For starters the title of this thread is a disaster. A better title would be "why I think environmentalists got it wrong". Saying "I don't like x or z" sounds like you are expressing your personal feelings not like you are trying to open a debate. If I say "I don't like to eat fish" that is not up for discussion. Those are my feelings. Now if I open a thread saying "why I think people should stop eating fish" that can be debated.

And you still continue to insult environmentalists in every post instead of presenting to us why you think they are wrong.

In your defense a lof of people speak like you. They think bullying is debating.
I recognize your point, but I see the strategy differently. The environmental movement consists of a moderate sized core of forward-thinking and sensible people but, exclusively for political reasons, it was decided to attach it to the general leftward shift which evolved back in the late Sixties, and for whom the young and less economically-astute were the driving force.

As a libertarian who supports both social and economic autonomy, I face a parallel stereotyping by those who subscribe to the "pop wisdom" which smears all "conservatives" as red-necked provincials and Bible-thumping prudes.

If we date the birth of the contemporary environmental consciousness from the first Earth Day back in 1971, it ought to be recognized that at that time, the United States was still the only fully-developed and -recovered free world industrial economy (and also, that our emerging Japanese and other competitors were engaging in far more severe pollution, as the Chinese are today). We now have to compete in a globalized economy, and our pockets are no longer that deep.

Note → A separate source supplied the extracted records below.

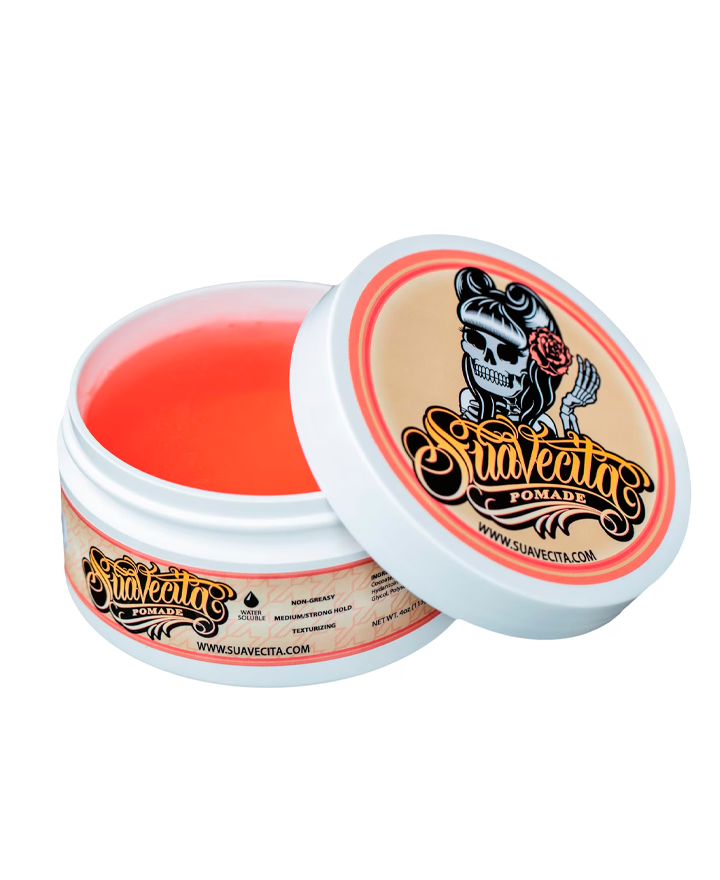 Pomada Suavecita, inspirada en nuestra Pomada Suavecito Original, dirigida específicamente a las mujeres. Se lava con agua solamente sin dejar residuo alguno. No contiene químicos agresivos, y su aroma es floral con suaves notas de sandía. Suavecita está diseñado para ser versátil en la elaboración de las siguientes tareas:
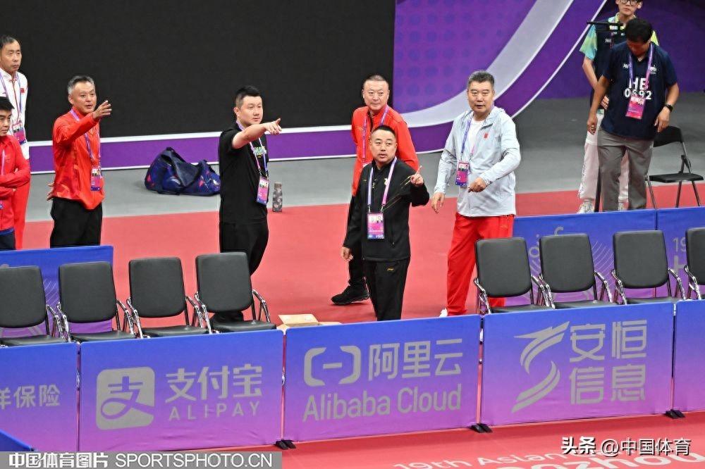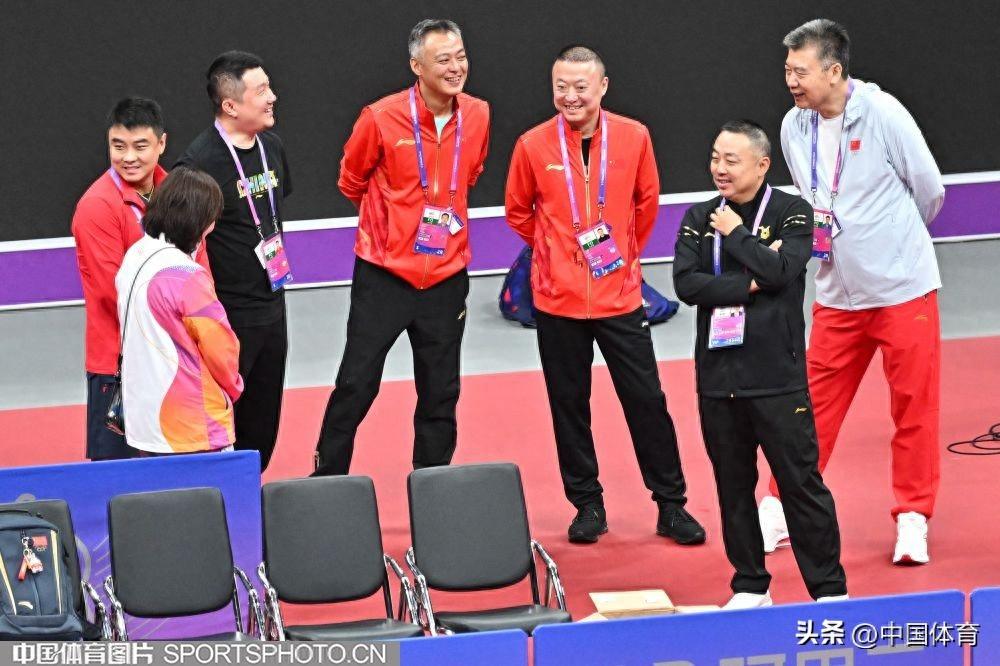 劉國樑、秦志戩、李隼、馬琳、邱貽可等觀看孫穎莎、錢天一訓練
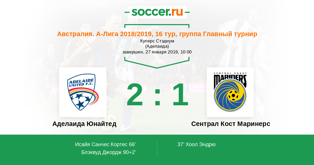 Австралия. А-Лига 16.01.2016 Аделаида Юнайтед Логотип футбольный клуб Аделаида Юнайтед 3:1 Логотип футбольный клуб Сентрал Кост Маринерс Сентрал Кост Маринерс
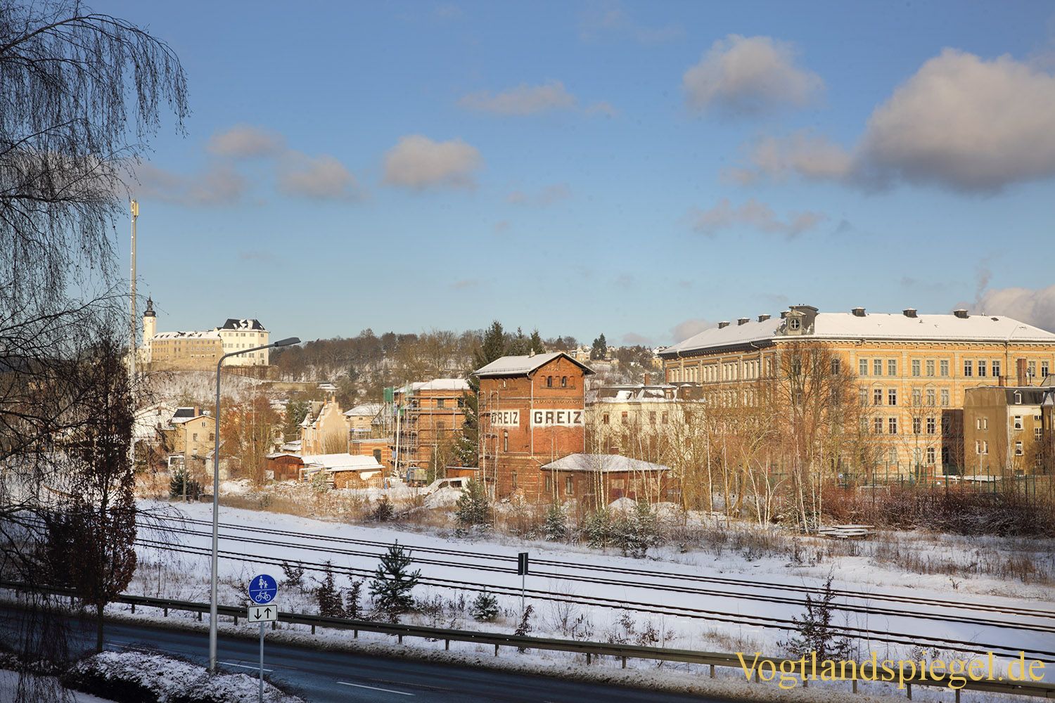 Blick über die Gleise in Richtung Bahnhof und Oberes Schloss. Aufnahme von Anfang Januar 2017.
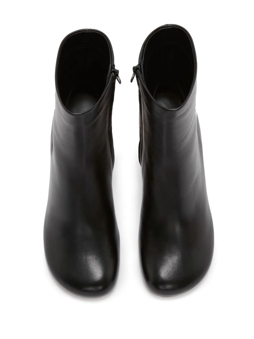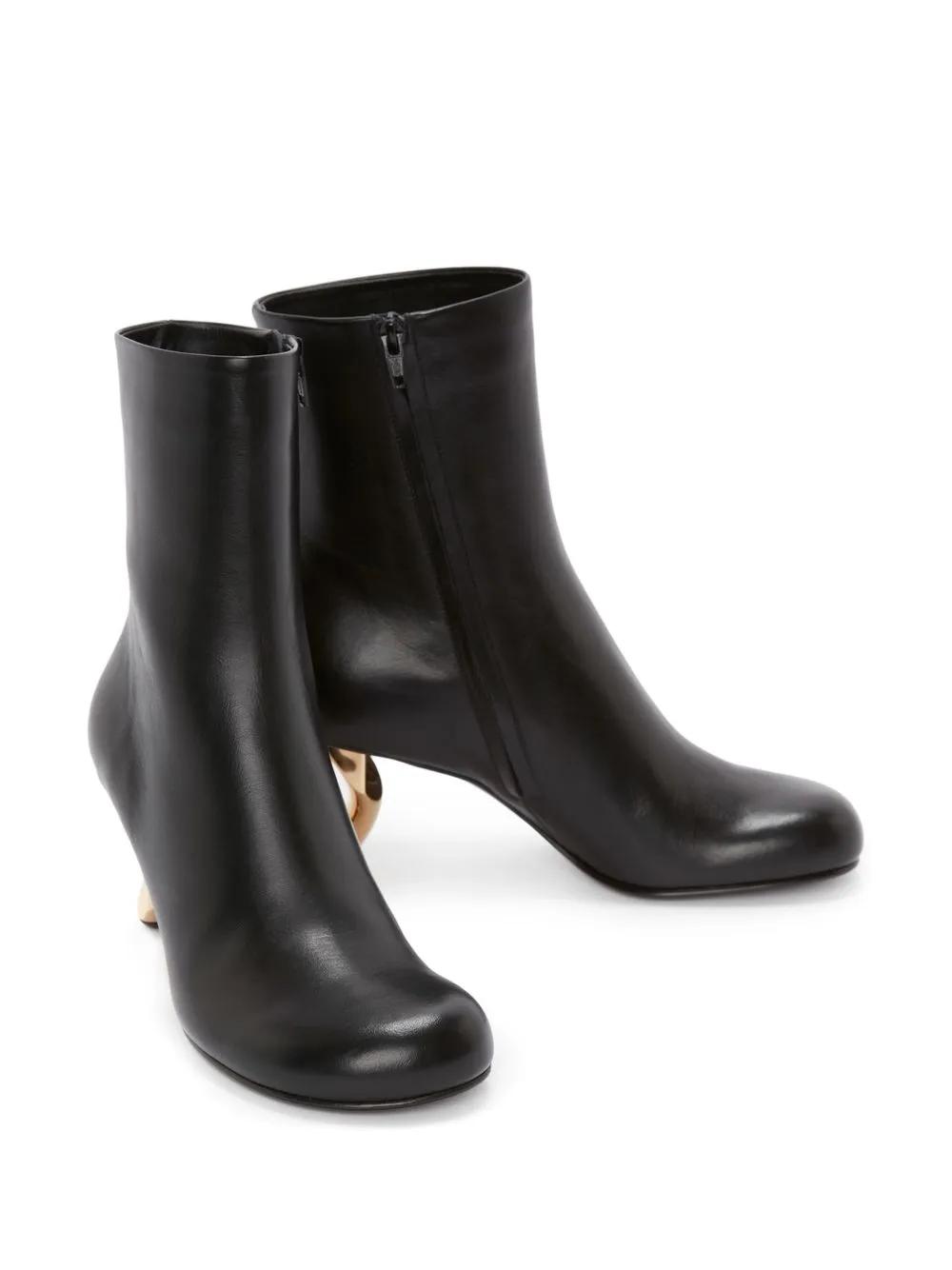 black calfskin chain-link detailing round toe side zip fastening branded heel counter mid heel
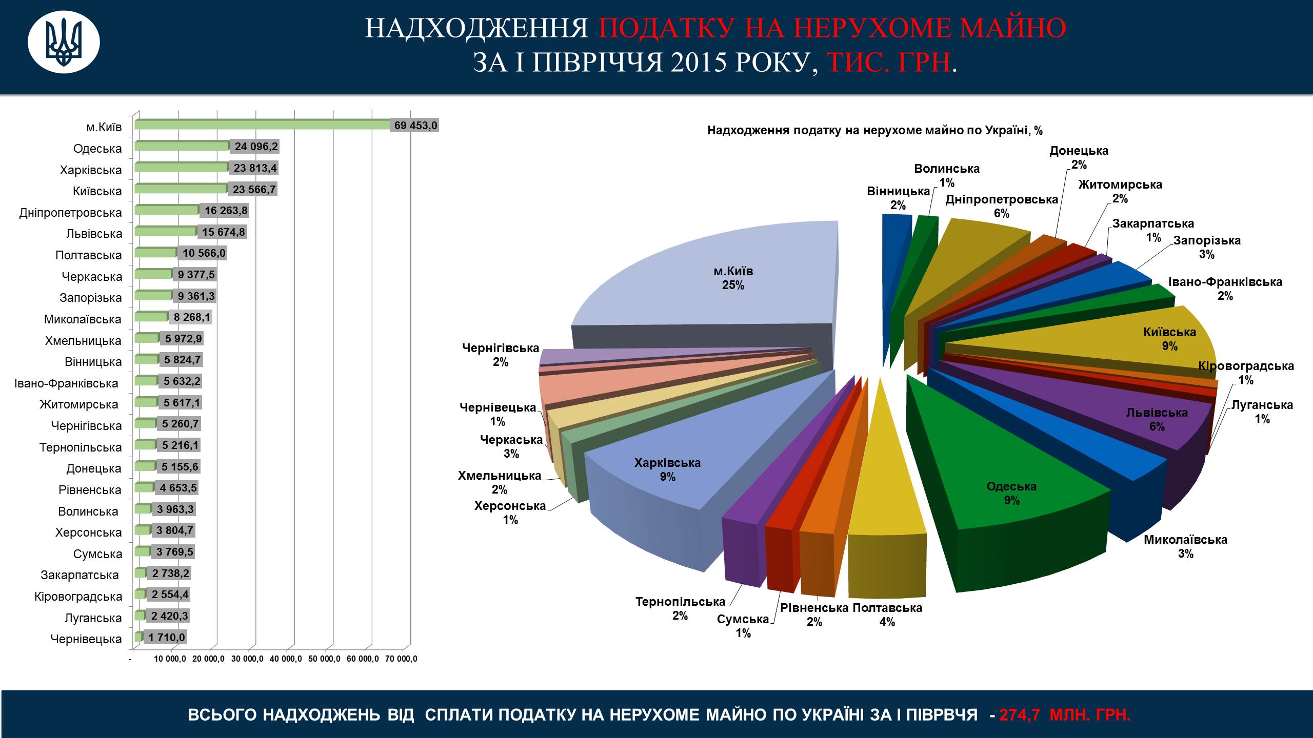 Надходження податку на нерухоме майно на 2015 рік затверджені місцевими радами в обсязі 226,2 млн. грн. Фактичні надходження податку за січень-червень поточного року склали 274,7 млн. грн.

The bill for cleaning up our mistakes (while others are excused) is often hidden; as disproportionate share of it turns up in the state and local tax bill -- my property taxes have nearly tripled over the past ten years, and the rate of state income tax has gone from 2.3% to 3.2%. (And the very wealthy get a break on this, because they can deduct them directly from Federal taxation -- the average struggling couple or single adult probably doesn't have enough to itemize). But very little of this is recognized by the MTV crowd who are the "target market" for the environmental zealots.

I've offered up a challenge, on respectful terms, and asked people to look a little deeper -- nothing more and nothing less.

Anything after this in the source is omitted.